In C it was a nice way to implement something like an variant.

enum possibleTypes{
  eInt,
  eDouble,
  eChar
}


struct Value{

    union Value {
      int iVal_;
      double dval;
      char cVal;
    } value_;
    possibleTypes discriminator_;
} 

switch(val.discriminator_)
{
  case eInt: val.value_.iVal_; break;

In times of litlle memory this structure is using less memory than a struct that has all the member.

By the way C provides

    typedef struct {
      unsigned int mantissa_low:32;      //mantissa
      unsigned int mantissa_high:20;
      unsigned int exponent:11;         //exponent
      unsigned int sign:1;
    } realVal;

to access bit values.

Totonga
  • 4,236
  • 2
  • 25
  • 31
  • Although both your examples are perfectly defined in the standard; but, hey, using bit fields is sure shot unportable code, isn't it? – legends2k Feb 22 '10 at 12:28
  • 1
    No it isn't. As far as I know its widely supported. – Totonga Feb 22 '10 at 15:57
  • 1
    Compiler support doesn't translate into portable. [The C Book](http://publications.gbdirect.co.uk/c_book/chapter6/bitfields.html): _C_ (thereby C++) _gives no guarantee of the ordering of fields within machine words, so if you do use them for the latter reason, you program will not only be non-portable, it will be compiler-dependent too._ – legends2k May 29 '14 at 15:42
5

Although this is strictly undefined behaviour, in practice it will work with pretty much any compiler. It is such a widely used paradigm that any self-respecting compiler will need to do "the right thing" in cases such as this. It's certainly to be preferred over type-punning, which may well generate broken code with some compilers.

Paul R
  • 208,748
  • 37
  • 389
  • 560
  • 2
    Isn't there an endian issue? A relatively easy fix compared with "undefined", but worth taking into account for some projects if so. –  Feb 22 '10 at 11:26
5

In C++, Boost Variant implement a safe version of the union, designed to prevent undefined behavior as much as possible.

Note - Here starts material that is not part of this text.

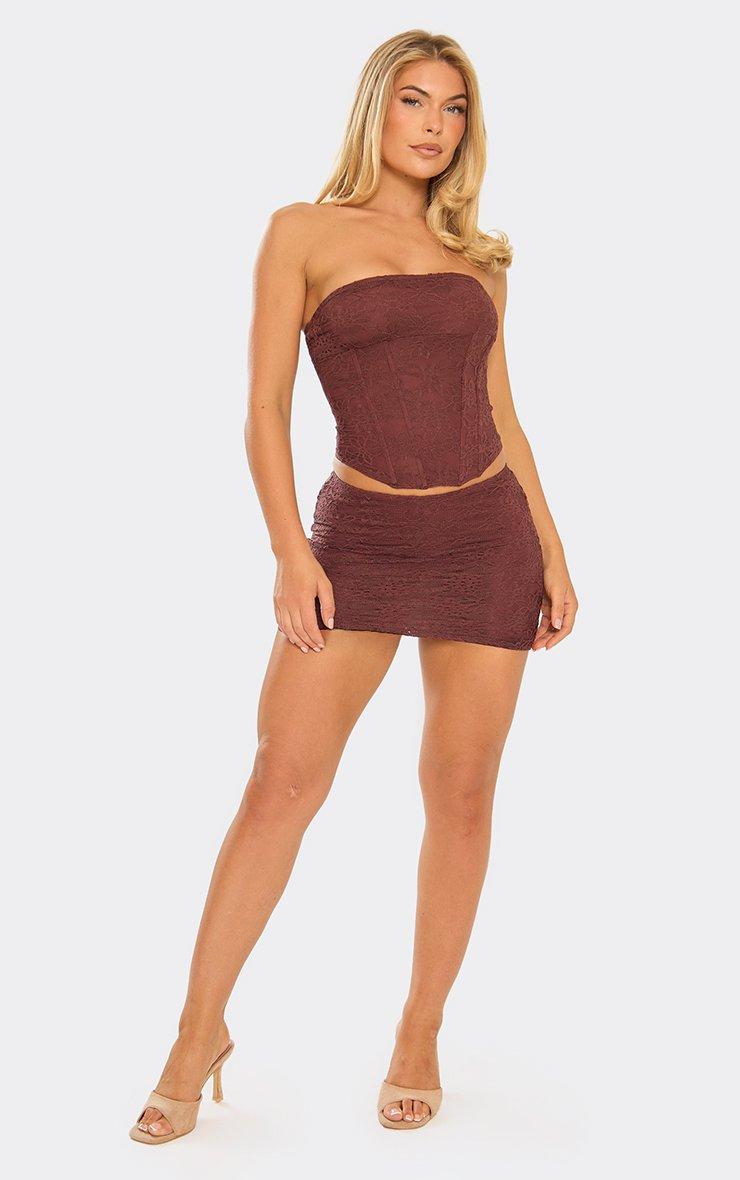 Mid Rise Tailored Mini Skort In Chocolate Brown

Its performances are identical to the enum + union construct (stack allocated too etc) but it uses a template list of types instead of the enum :)

Matthieu M.
  • 287,565
  • 48
  • 449
  • 722
5

The behaviour may be undefined, but that just means there isn't a "standard". All decent compilers offer #pragmas to control packing and alignment, but may have different defaults. The defaults will also change depending on the optimisation settings used.

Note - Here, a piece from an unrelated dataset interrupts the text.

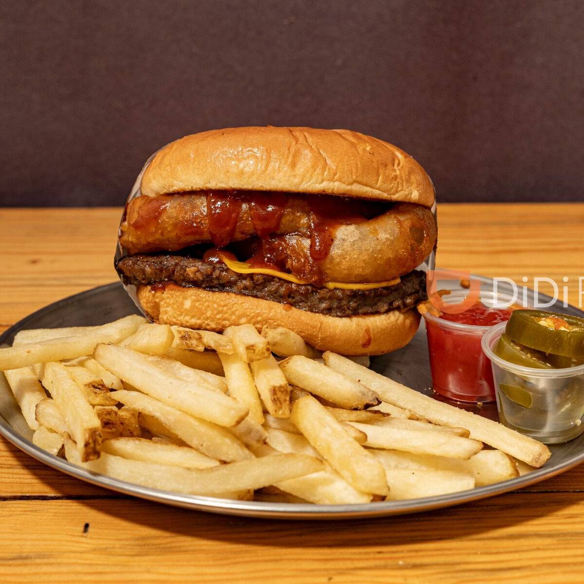 La mas sencilla del condado, carne, queso, tocino y pepinillos.

Also, unions are not just for saving space. They can help modern compilers with type punning. If you reinterpret_cast<> everything the compiler can't make assumptions about what you are doing. It may have to throw away what it knows about your type and start again (forcing a write back to memory, which is very inefficient these days compared to CPU clock speed).

Nick
  • 27,566
  • 12
  • 60
  • 72
4

Technically it's undefined, but in reality most (all?) compilers treat it exactly the same as using a reinterpret_cast from one type to the other, the result of which is implementation defined. I wouldn't lose sleep over your current code.

JoeG
  • 12,994
  • 1
  • 38
  • 63
  • "_a reinterpret_cast from one type to the other, the result of which is implementation defined._" No, it is not. Implementations do not have to define it, and most do not define it. Also, what would be the allowed implementation defined behaviour of casting some random value to a pointer? – curiousguy Oct 03 '11 at 17:35
4

Others have mentioned the architecture differences (little - big endian).

I read the problem that since the memory for the variables is shared, then by writing to one, the others change and, depending on their type, the value could be meaningless.

eg. union{ float f; int i; } x;

Writing to x.i would be meaningless if you then read from x.f - unless that is what you intended in order to look at the sign, exponent or mantissa components of the float.

I think there is also an issue of alignment: If some variables must be word aligned then you might not get the expected result.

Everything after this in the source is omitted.